We have a small graveyard for our dogs, right outside our bedroom window. That's where Chris wants to be. I'm hoping I can get someone to gather my bones and bury them there too.
And dog intelligence? Try this. Three of our goldens have quick-draw jaws, where anything that presents remotely like food magically disappears so fast even they don't know what happened to it. But Sebastian, he's so cool. Hold a treat out to him, and he nonchalantly might sniff it, might take a few seconds to consider it, then might take it and chew it thoughtfully, or just turn and walk away and lay back down, leaving it in your hand.
I remember reading that Thomas Edison would take potential new research assistants out for lunch as a part of the interview. There, he would watch to see if the candidate tasted his food before adding salt/seasoning, or just added it out of habit, showing if they were naturally inquisitive, and therefore an intelligently methodical researcher. Thomas Edison would have hired Sebastian, I'm sure. Sebastian used to be a counter-surfer. Maybe he's smart enough to discipline himself not to eat anything he doesn't need?
I believe there's a place in India (wish I could be more specific & not sound so rubishly ignorant) where they put their dead in a high tower for the buzzards. A neat, clean solution. Only now the buzzards are dying, due to human causes (so who eats the buzzards, eh?)
As for Sebastian, maybe he is a wise character from whom we could all learn something.
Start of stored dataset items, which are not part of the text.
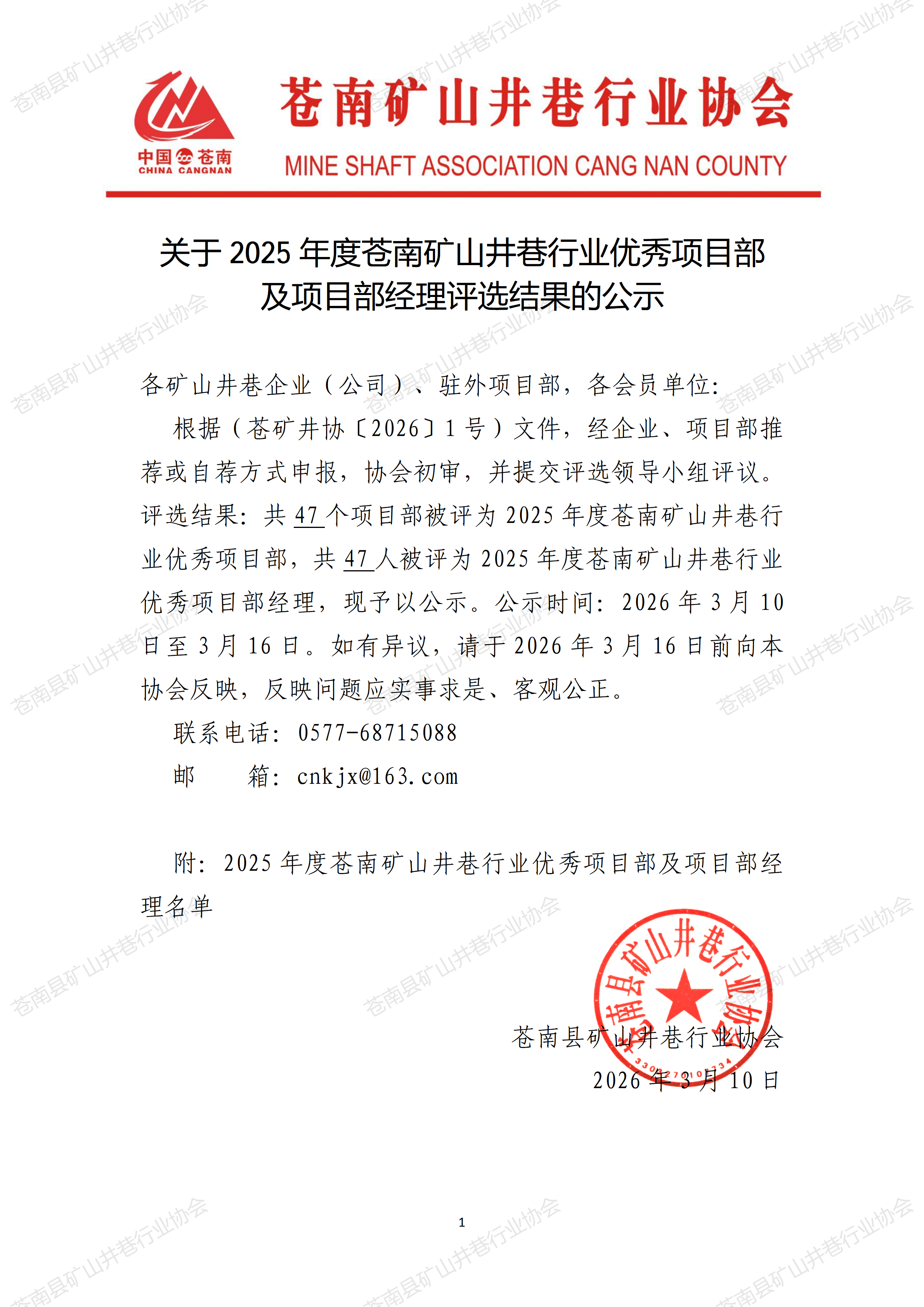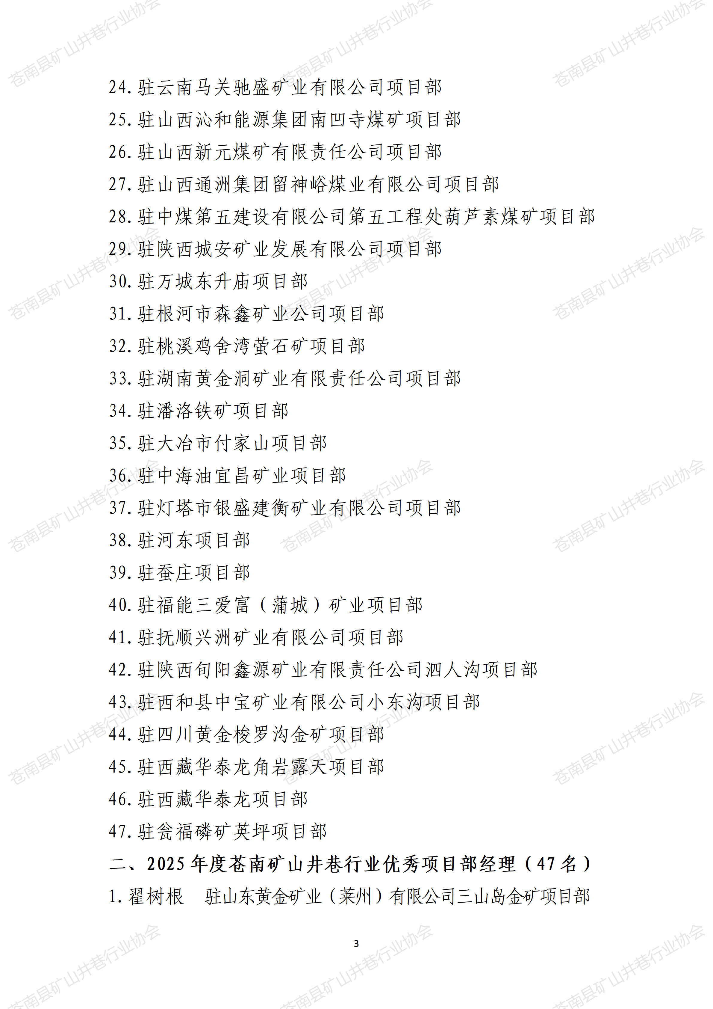 2025年度苍南矿山井巷行业优秀项目部及项目部经理评选结果的公示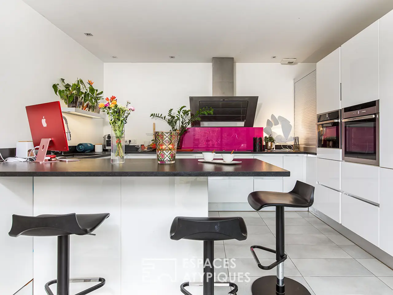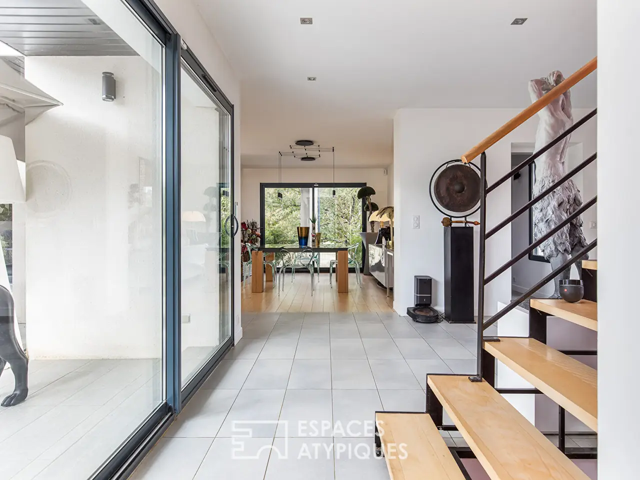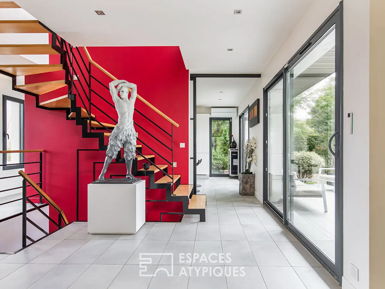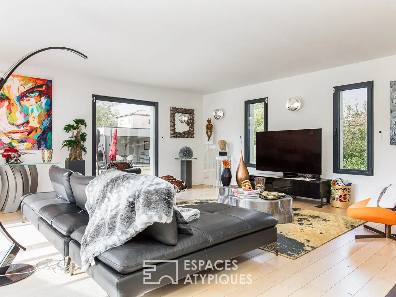 Maison contemporaine a l'Isle-jourdain Located in the town of Isle Jourdain, this contemporary house of 300sqm, spread over three levels, is the perfect illustration of contemporary architecture that is both aesthetic and functional. From the entrance, the lines of the winding staircase are highlighted by the brightness of the ground floor. The living room, the dining room, and the open kitchen are intelligently turned towards the outside thanks to large bay windows. This level also accommodates a spacious bedroom with its private bathroom. The upper floor opens onto an office space dominated by a glass roof. The sleeping area leads to the two bedrooms, each with its own bathroom and access to the terrace with a clear view of the landscaped garden. The master bedroom, equipped with a bathroom with a private dressing room, completes this level. The lower floor, fully furnished, leads to the laundry area and garage and can accommodate a relaxation area (games room, cinema room, music room) as well as a place dedicated to professional activity. The 3000sqm garden and its heated swimming pool offer the space necessary to make this house a place to live where modern comfort is combined both outside and inside. Energy class: B / Climate class: C Estimated average amount of annual energy expenditure for standard use, established based on energy prices for the year 2021: between EUR1,833 and EUR2,100 Information on the risks to which this property is exposed are available on the Georisks website http://www.georisks.gouv.fr REF. 936ET Additional information * 5 rooms * 4 bedrooms * 4 bathrooms * 1 floor in the building * Outdoor space : 3000 SQM * Property tax : 3 907 €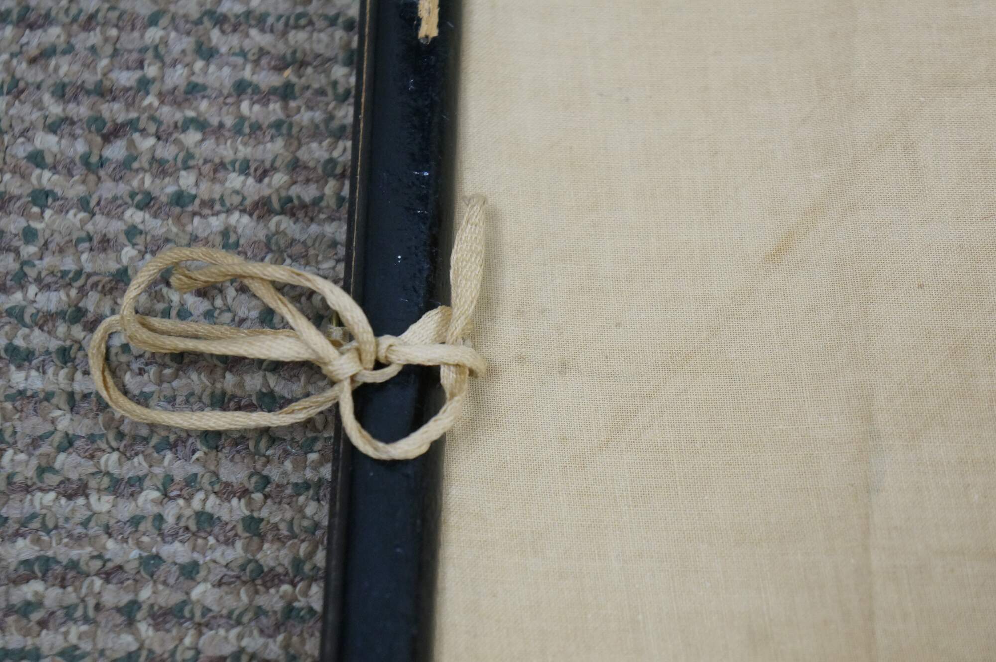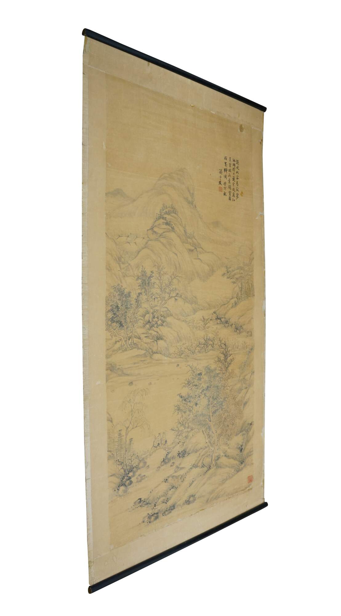 Mid to early century Chinese wall hanging scroll, painted with a pair of figures riding donkeys, crossing a bridge against a landscape of mountains and gnarled pines; by artist Sun Yunqiao. Sealed in the lower right corner. Paper on silk.

At any rate, he and his type are a lot less likely than a dog with Nelly's habits to end up at the emergency vet's with violent stomach upset. And me with carpets to clean.
Being an Atheist is just as ludicrous as having a personal God.
And it's about time you had that revelation that people in your life had done more for you than all those shrinks you went to. I have lived a thousand lifetimes compared to you, of danger, heartbreak, sickness, death, and dying in war and the streets of the Bronx. A hell of a lot better education than you will ever get from your Ivy League education.
--Tony
Tony, you are more evolved than I. And I accept the gift of your wisdom with gratitude. Hopefully it will save me from some hard living.